Aim of the task:
Find "18世紀、ルイ15世時代のフ" in the data, then restate the line it sits in and every later line word for word, ending with the last line.

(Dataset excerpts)
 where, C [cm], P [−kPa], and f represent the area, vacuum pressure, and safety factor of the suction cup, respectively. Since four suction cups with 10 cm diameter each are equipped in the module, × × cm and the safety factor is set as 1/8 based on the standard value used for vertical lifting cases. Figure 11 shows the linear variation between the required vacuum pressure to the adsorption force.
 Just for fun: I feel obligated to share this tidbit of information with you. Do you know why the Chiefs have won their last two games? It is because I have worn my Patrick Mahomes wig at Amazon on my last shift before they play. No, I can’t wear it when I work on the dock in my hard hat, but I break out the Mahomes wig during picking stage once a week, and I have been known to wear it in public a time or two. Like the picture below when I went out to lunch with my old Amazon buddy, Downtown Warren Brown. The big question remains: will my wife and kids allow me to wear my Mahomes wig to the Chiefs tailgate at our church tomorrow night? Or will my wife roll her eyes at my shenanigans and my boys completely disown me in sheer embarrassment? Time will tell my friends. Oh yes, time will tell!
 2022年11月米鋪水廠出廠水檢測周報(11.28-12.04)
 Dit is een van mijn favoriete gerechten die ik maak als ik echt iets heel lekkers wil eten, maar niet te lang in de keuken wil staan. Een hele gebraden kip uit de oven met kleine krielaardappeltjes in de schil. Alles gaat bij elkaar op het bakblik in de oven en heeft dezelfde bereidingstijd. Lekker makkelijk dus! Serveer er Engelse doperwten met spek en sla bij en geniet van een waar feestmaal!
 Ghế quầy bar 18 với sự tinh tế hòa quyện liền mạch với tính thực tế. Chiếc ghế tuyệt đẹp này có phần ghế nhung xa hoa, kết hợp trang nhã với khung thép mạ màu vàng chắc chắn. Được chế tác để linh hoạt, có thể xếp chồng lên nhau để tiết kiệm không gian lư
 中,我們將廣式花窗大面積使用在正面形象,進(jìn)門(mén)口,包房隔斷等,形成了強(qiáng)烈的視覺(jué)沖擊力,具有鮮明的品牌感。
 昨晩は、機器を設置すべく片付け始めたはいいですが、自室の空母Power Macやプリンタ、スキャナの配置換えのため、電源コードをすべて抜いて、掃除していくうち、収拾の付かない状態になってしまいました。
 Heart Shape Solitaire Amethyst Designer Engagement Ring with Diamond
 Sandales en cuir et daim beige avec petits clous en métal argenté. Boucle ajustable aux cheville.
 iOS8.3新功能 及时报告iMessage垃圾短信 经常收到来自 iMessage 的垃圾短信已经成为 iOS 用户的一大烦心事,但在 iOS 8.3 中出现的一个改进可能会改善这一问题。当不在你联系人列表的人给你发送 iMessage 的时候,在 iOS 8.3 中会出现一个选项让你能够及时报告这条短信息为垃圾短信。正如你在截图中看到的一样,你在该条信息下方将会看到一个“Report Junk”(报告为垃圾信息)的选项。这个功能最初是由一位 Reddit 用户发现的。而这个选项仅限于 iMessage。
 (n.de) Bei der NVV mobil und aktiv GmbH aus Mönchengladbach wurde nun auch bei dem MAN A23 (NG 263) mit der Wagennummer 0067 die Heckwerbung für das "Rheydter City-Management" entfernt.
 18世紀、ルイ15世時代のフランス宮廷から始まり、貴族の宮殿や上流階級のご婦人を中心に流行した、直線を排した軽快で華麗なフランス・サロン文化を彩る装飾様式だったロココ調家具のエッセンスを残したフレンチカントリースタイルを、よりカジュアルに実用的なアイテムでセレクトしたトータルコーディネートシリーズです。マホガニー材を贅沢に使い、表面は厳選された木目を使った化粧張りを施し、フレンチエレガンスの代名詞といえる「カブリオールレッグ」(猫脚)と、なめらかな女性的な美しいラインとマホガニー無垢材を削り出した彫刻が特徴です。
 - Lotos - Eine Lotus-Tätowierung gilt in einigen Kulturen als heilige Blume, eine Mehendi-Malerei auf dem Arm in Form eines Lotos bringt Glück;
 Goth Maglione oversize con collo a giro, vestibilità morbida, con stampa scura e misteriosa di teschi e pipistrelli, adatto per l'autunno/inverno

Solution:
 18世紀、ルイ15世時代のフランス宮廷から始まり、貴族の宮殿や上流階級のご婦人を中心に流行した、直線を排した軽快で華麗なフランス・サロン文化を彩る装飾様式だったロココ調家具のエッセンスを残したフレンチカントリースタイルを、よりカジュアルに実用的なアイテムでセレクトしたトータルコーディネートシリーズです。マホガニー材を贅沢に使い、表面は厳選された木目を使った化粧張りを施し、フレンチエレガンスの代名詞といえる「カブリオールレッグ」(猫脚)と、なめらかな女性的な美しいラインとマホガニー無垢材を削り出した彫刻が特徴です。
 - Lotos - Eine Lotus-Tätowierung gilt in einigen Kulturen als heilige Blume, eine Mehendi-Malerei auf dem Arm in Form eines Lotos bringt Glück;
 Goth Maglione oversize con collo a giro, vestibilità morbida, con stampa scura e misteriosa di teschi e pipistrelli, adatto per l'autunno/inverno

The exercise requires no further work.